FOURIER-TRANSFORM INFRARED SPECTROSCOPIC STUDIES OF CROSS-LINKED HUMAN SERUM-ALBUMIN MICROCAPSULES .2. INFLUENCE OF REACTION-TIME ON SPECTRA AND CORRELATION WITH MICROCAPSULE MORPHOLOGY AND SIZE

Microcapsules were prepared from human serum albumin (HSA) through interfacial cross-linking with terephthaloyl chloride (TC). Reaction times were increased from 2 to 60 min, while pH (9.8) and TC concentration (2.5% w/v) were kept constant. Fourier-transform infrared (FT-IR) spectra of lyophilized microcapsules were compared.
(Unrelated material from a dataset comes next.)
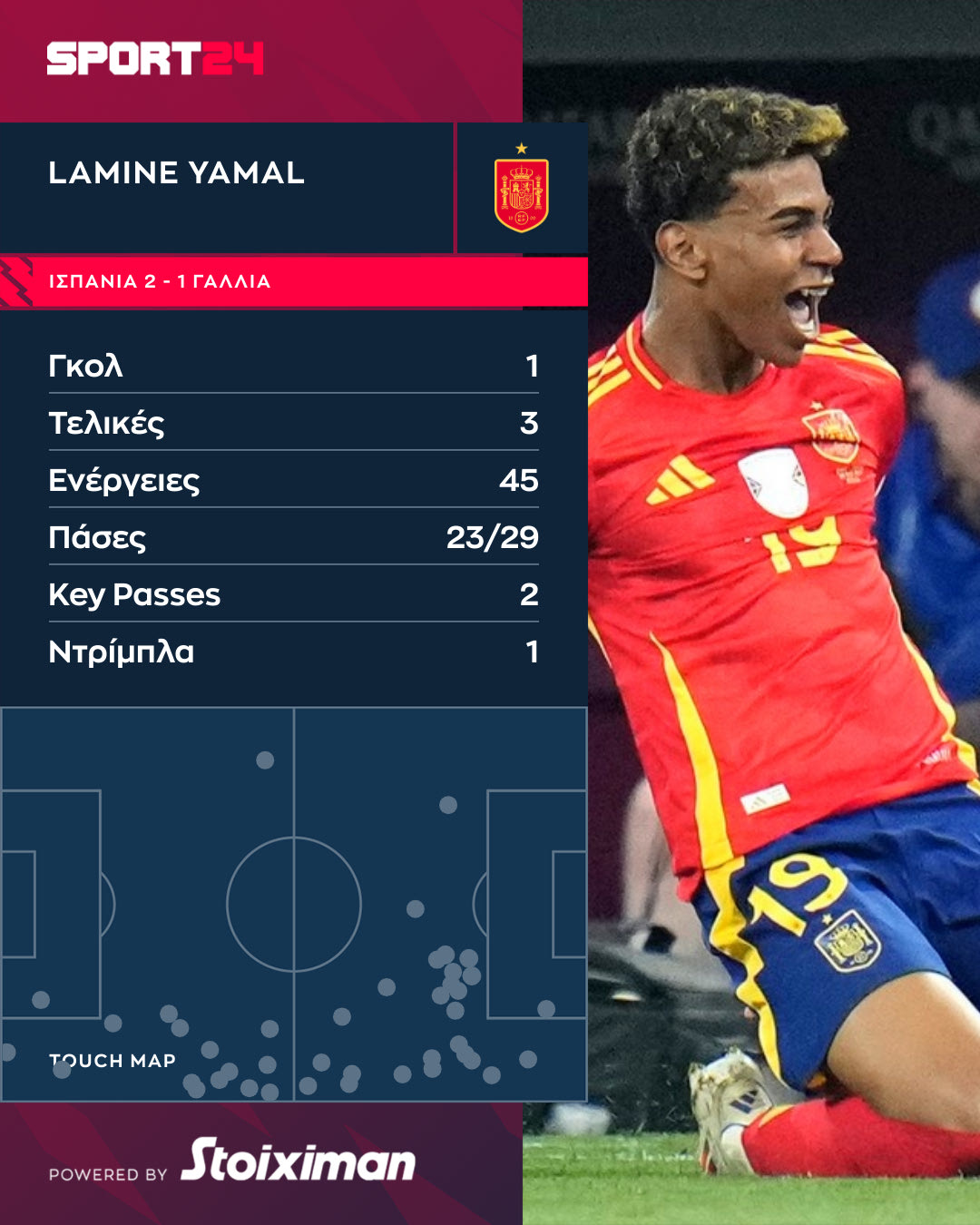 Η ενέργεια που ίσως άλλαξε όλο το παιχνίδι ήταν η γκολάρα του Γιαμάλ για το 1-1, δίνοντας την απαραίτητη ώθηση στη ρόχα. Δείτε αναλυτικά όλες τις ενέργειες του 16χρονου κόντρα στους Bleus.
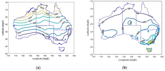 (a) Contours of cooling degree days and (b) heating degree days across Australia based on apparent temperature as calculated using 2011 Bureau of Meteorology (BOM) weather station measurements.

Correlations were established with microcapsule morphology and size, as had been done in a previous study exploring the effect of increasing pH values. Microcapsules obtained after 2 min had to be considered separately. Minor alterations were observed in the spectrum as compared with pure HSA. They consisted of a decrease of the ester-assigned 1724-cm(-1) band and of the carboxylate-assigned 1394-cm(-1) band, attributed to a removal of contaminating lipids of HSA, and an increase of the 1624-cm(-1) band, attributed to interchain H bonding following acylation of the NH2 groups. Prolonging the reaction time resulted in a progressive increase of the bands at 1724 testers), 1795 (anhydrides), and 1624 cm(-1) (beta-sheet), in a further decrease of the 1394-cm(-1) band (carboxylates), and in marked alterations of the 1340-1080-cm(-1) region. These important changes, which appeared after 5 min, reflect the progressive acylation of the hydroxy and carboxy[ate groups of HSA. As in the previous series of pH-based assays, important spectral changes were shown to correspond to a decrease in microcapsule mean size (from 32 to <15 mu m) and in important modifications of the membrane surface, made rough.